Водитель вылез из кабины, запер дверцу машины и прошел внутрь дома, чтобы съесть свой обед. Похоже, его здесь знали. Пассажиры, которым он не сказал ни слова, какое-то время не двигались. Затем, проявив инициативу, стали выбираться из кузова, в котором их трясло сто девяносто километров без единой передышки. Один за другим они переваливались за борт и неловко падали, как бесформенные мешки, набитые мясом. Сухая земля принимала их с глухим стуком. Приземляясь, многие больно бились. Марио Грегорян последовал за ними. В свою очередь, упал на глину, не сумев смягчить удар, и, в свою очередь, едва не застонал от боли. Минуту пролежал вблизи раскаленной покрышки, затем поднялся и захромал к трактиру, куда давно зашел водитель, закрыв за собой дверь.
Перед дверью толпились пассажиры. Непонятно, чего они ждали, так как было очевидно, что никто и не подумает бросить им какую-нибудь еду. Войти, сесть за стол и заказать то, что в тот день предлагал трактирщик, они не могли, поскольку не имели на это средств или, по крайней мере, были достаточно благоразумны, чтобы в самом начале пути не разменивать доллар, который им выдали для покрытия расходов на переезд.
У Марио Грегоряна не было сил даже улыбнуться, однако он представлял себе, что может это сделать. При недавнем падении он отбил себе конечности, но все равно радовался, что мучительная тряска в кузове прекратилась. Если бы его допросили по этому поводу, он бы заявил, что чувствует себя достаточно удовлетворенным новым раскладом своего существования. Возможно, временным, возможно, ненадежным, но новым и в ближайшую четверть часа объявленной остановки никем не оспариваемым.
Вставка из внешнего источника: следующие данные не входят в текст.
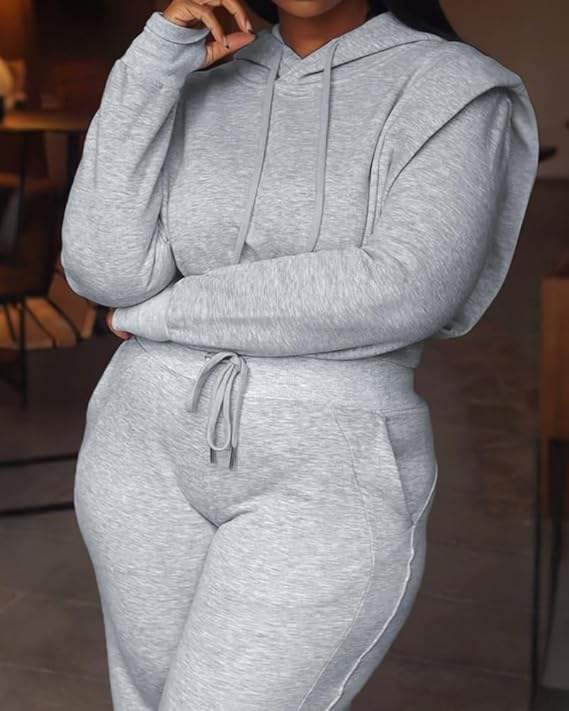ชุดเซ็ทลำลองสองชิ้น เสื้อครอปสปอร์ตและกางเกงจ็อกเกอร์สำหรับผู้หญิง สไตล์สตรีทแฟชั่น ใส่ได้ทุกวัน
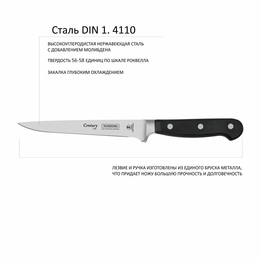 Нож TRAMONTINA Century 24023/106, филейный, для мяса, 152мм, заточка прямая, стальной, черный
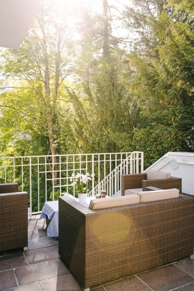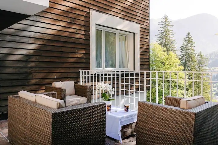 Der Zugang zur Terrasse ermöglicht es, die frische Luft und die Aussicht in vollen Zügen zu genießen.
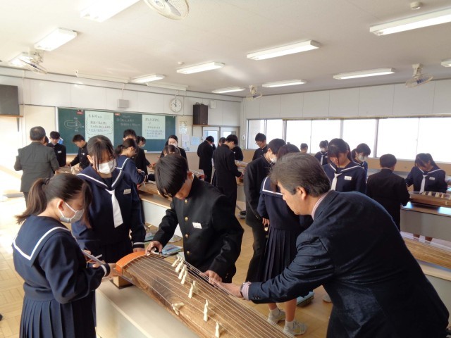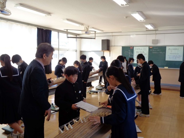 箏で「さくら」を練習中の1年生の音楽。2時間目の1年2組の音楽の授業は、校内研修の授業公開でした。今日のめあては「押し手を使って旋律部分を演奏しよう」です。押し手をつかって半音高い音を出す方法を教えてもらい、いざ実践です。「これまで」学習したことや今日の「押し手」についての説明がわかりやすく掲示されていて、「今日、何をするのか」がはっきりとわかり、一人一人がすすんで学習に取り組める工夫がされた授業でした。

Изменение было значительным. Никто не толкал его и, едва позволяла дорожная тряска, не посягал исподтишка на его крохотное жизненное пространство. Отныне он обладал местом в тени, чего ему так не хватало в кузове, где солнце не переставало слепить и палить его. Грузовик был сделан для того, чтобы перевозить гравий, а не позвоночных. И никакого брезента не предусматривалось, для того чтобы защитить от непогоды этот живой или, по крайней мере, еще не окоченевший в точном смысле этого слова груз.
Марио Грегорян устроился поудобнее, раскинул ноги, прислонился к стене. Его мышцы начали расслабляться, и он принялся мечтать, стремясь как можно быстрее достичь того близкого к дреме состояния, в котором всегда черпал силы, чтобы продлевать желание выжить.
Сельская местность вокруг постоялого двора была пустынна. Она дрожала под палящими лучами солнца. Растительность состояла из кактусов и двух-трех видов колючих кустарников, которые совсем скрючились и, казалось, были готовы вот-вот задымиться. Время от времени несколько цикад соревновались в истошности издаваемых звуков. Они стрекотали в течение нескончаемой минуты, оглушая горячий воздух одной и той же пронзительной нотой. Затем успокаивались.
– Интересно, кого призывают эти букашки? – подумал Марио. – О чем они говорят? На что жалуются? Если вообще жалуются.
Всех мучила жажда, но никто не бросился искать кран или еще менее вероятный бак с водой.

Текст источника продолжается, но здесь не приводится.